SNAP IN GRACE: Camille Brown still has it. |
“I will not move without Your consent,” swears the text at the heart of Ronald K. Brown’s 2005 work Order My Steps. Brown has paced that journey in almost all the work he has created over the past 20 years. As he searches to find a way to illustrate the toll and the triumph of spiritual struggle, both personal and communal, his best work faces the temptation of easy political answers and dance cliché and beats the Devil. Evidence, his contemporary company, performed in Boston last weekend under the auspices of World Music/CRASHarts. When the new Institute of Contemporary Art Barbara Lee Family Foundation Theater didn’t open on schedule, the engagement was transferred to the Cutler Majestic at Emerson. At the ICA, Evidence would have looked beautiful and taken its place amid other meaningful contemporary art, but in the Theater District the performances looked powerful and gritty. This program was a salient and timely reminder that the presenters in the new museum venue will have to make special efforts to preserve and extend access to a multicultural audience.

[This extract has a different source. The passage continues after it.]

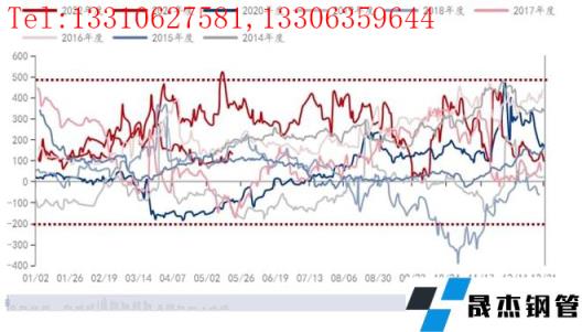 第三阶段,2021年5月-2021年9月(卷螺差高位震荡),贯彻实施碳达峰、碳中和目标,无缝厚壁钢管厂家供给收缩,其中建筑厚壁无缝钢管供应缺口大于热轧卷板,螺纹钢涨幅也大于卷板,导致卷螺差在钢价上涨的趋势中呈现高位震荡。

Brown’s downtown-Brooklyn style combines easy, even cocksure strides with West African polyrhythms: the choreography reads as ancestral culture breaking through the crust of urban life. A big loping entrance suddenly gives way to an angular break at the knees and turns into kneeling; lanky Juel Lane’s forward locomotion is arrested and flung backward by a hunch of his shoulder and by Chad Boseman’s text describing a junkie’s sensuous last date with his crackpipe.
In a work like Order My Steps or the signature Grace, which Brown created for Alvin Ailey’s American Dance Theater in 1999 and later reset on his own dancers, the carefully chosen music is part of the message. Whether the choice is Bob Marley’s jaunty reggae, the Kronos Quartet playing Terry Riley’s minimalist score, or Jennifer Holliday belting out Ellington to the schmaltzy accompaniment of a huge orchestra, Brown seems to prefer a steady motor or a smooth musical line he can syncopate and ornament. He’s not competing with the music, exactly; he seems to be complementing it by saying, “You go your way, friend, and I’ll go mine.”
All of this wouldn’t work if his dancers were not so strong, so precise, and so vividly committed to their own performances. Brown has assembled a diverse group of performers — neither carbon copies of him nor of one another — and it’s been wonderful to witness their artistic growth over the past few seasons.
In Walking Out the Dark, four dancers face off in a series of duets that are as frank and intimate as conversations overheard through hotel-room walls. Their reaches stop just short of touching one another and their backs twist in postures of resentment, disbelief, and despair. Brown manages to be both culturally specific — that West African language filtered into contemporary urban lives — and ungendered, so that the same movements read compellingly on the men and women as they dance out their different emotional truths.
The power of Walking Out the Dark this weekend depended on Bridget Moore’s inward focus, the sense that she has considered her options and only eventually comes to decisions to act, Tiffany Jackson’s ambivalence, with “Don’t mess with me” and “I can’t leave you” messages mingling in every angry pulse, Arcell Cabuag’s wiry and determined demands, and Brown himself, still strong and openly vulnerable as he approaches middle age. I was also moved by the snap of Camille Brown’s dancing in both Grace and Order My Steps. I’m sure she’s danced Grace hundreds of times by now, but when she exchanged her street-smart red dress for angelic white, it signaled a joyous transformation.